Ebenfalls am heutigen Montag wird von seiten der Polizeiführung ein eigener Bericht vorgelegt. Das 31 Seiten umfassende Werk, angereichert durch einen noch längeren Anhang, ist weiterhin bemüht, das Versagen der Einsatzleitung zu kaschieren. Verwiesen wird in dem Bericht erneut auf das „Deeskalationskonzept“ des Innensenators: „Der Charakter der vom Innensenator geäußerten Auffassung ist zwischen Polizeibehörde und Senatsverwaltung für Inneres strittig. Die Polizei bewertete die vom Innensenator gemachten Äußerungen in ihrer Qualität als Weisungen.“ Insgesamt geht aus dem Polizeibericht jedoch auch hervor, daß schon Einsatzplanungen im Vorfeld des 1.Mai, wie zum Beispiel die Untergliederung Kreuzbergs in verschiedene Einsatz-Abschnitte, das Chaos am 1. Mai quasi vorprogrammierten.
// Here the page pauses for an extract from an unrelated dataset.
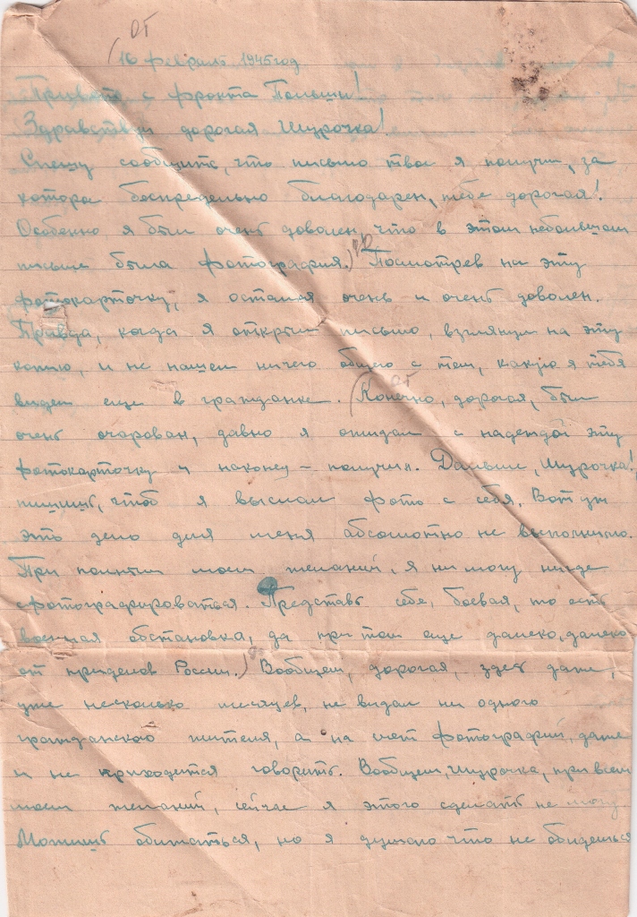 Спешу сообщить, что письмо твоё я получил, за которое беспредельно благодарен, тебе дорогая! Особенно я был очень доволен, что в этом небольшом письме была фотография. Посмотрев на эту фотокарточку, я остался очень и очень доволен. Правда, когда я открыл письмо, взглянул на эту копию, и не нашёл ничего общего с тем, какую я тебя видел ещё в гражданке. Конечно, дорогая, был очень очарован, давно я ожидал с надеждой эту фотокарточку и наконец – получил. Дальше, Шурочка! Пишишь, чтоб я выслал фото с себя. Вот уж это дело для меня абсолютно абсолютно не выполнимо. При полном моём желании, я ни могу нигде сфотографироваться. Представь себе, боевая, то есть военная обстановка, да при том ещё далеко, далеко от приделов России. Вообщем, дорогая, здесь даже, уже несколько месяцев, не видал ни одного гражданского жителя, а на счёт фотографий, даже и не приходится говорить. Вообщем, Шурочка, при всём моём желаний, сейчас я этого сделать не могу. Можешь обижаться, но я думаю что не обидешься всё же войдешь в моё положение. Ну, на счёт этого пока кончим разговаривать, конечно, нет сомнения при полном желаний, при первом удобном случае, я это зделаю. Но если буду жив, то наверное очень долго придётся ждать этого случая. Про свою жизнь, писать особенно нечего, живу пока по старому, больших изменений нет. Правда, последнее время было скучновато, потому что письма ни от кого не получал примерно с месяц. Ну это конечно зависило от нашей военной обстановке! А сейчас опять все в порядке дело наладилось, жизнь пошла по старому. На счёт нашей польской погоды даже можно и не писать. Вообщем в Чехословакии, можно сказать, что зимы не видали, а здесь в Польше и тем более. Короче говоря, тепло, конечно ни май месяц, идут дожди, снегу не было, а теперь уже и не будет. На днях, нваерное буду в Германии, а там я думаю что ещё теплее. Вот пока всё что я хотел написать, на этом пока заканчиваю.

Während Führung und Einsatzbereitschaft in dem einen Abschnitt ständig überfordert waren, standen Hunderte von Polizisten nicht weit entfernt, jedoch dem anderen Abschnitt zugeteilt, in Wartestellung und lauschten den Hilferufen ihrer Kollegen über den Funkverkehr. Zum Schluß ihres Berichtes resümiert denn auch die Polizeiführung sehr richtig: „Für die öffentliche Sicherheit und Ordnung ist der Verlauf des 1.Mai 1989 in Teilen von Kreuzberg und Neukölln ein schmerzlicher Mißerfolg.“

Hintergrund der Untersuchungen sind Streitigkeiten zwischen Polizeiführung und SPD-Innensenator Pätzold: Flankiert von der Rechtspresse hatte die Polizeiführung auf vermeintliche „Weisungen“ des Innensenators im Vorfeld verwiesen und so versucht, dem Innensenator die Schuld an dem polizeilichen Desaster am 1.Mai nachträglich in die Schuhe zu schieben. Pätzold hatte zwar deeskalierendes Verhalten als politische Rahmenvorgabe für den Einsatz ausgegeben, jedoch gleichzeitig unverzügliches, lagebezogenes Eingreifen der Polizei im Falle eines unfriedlichen Verlaufs verlangt.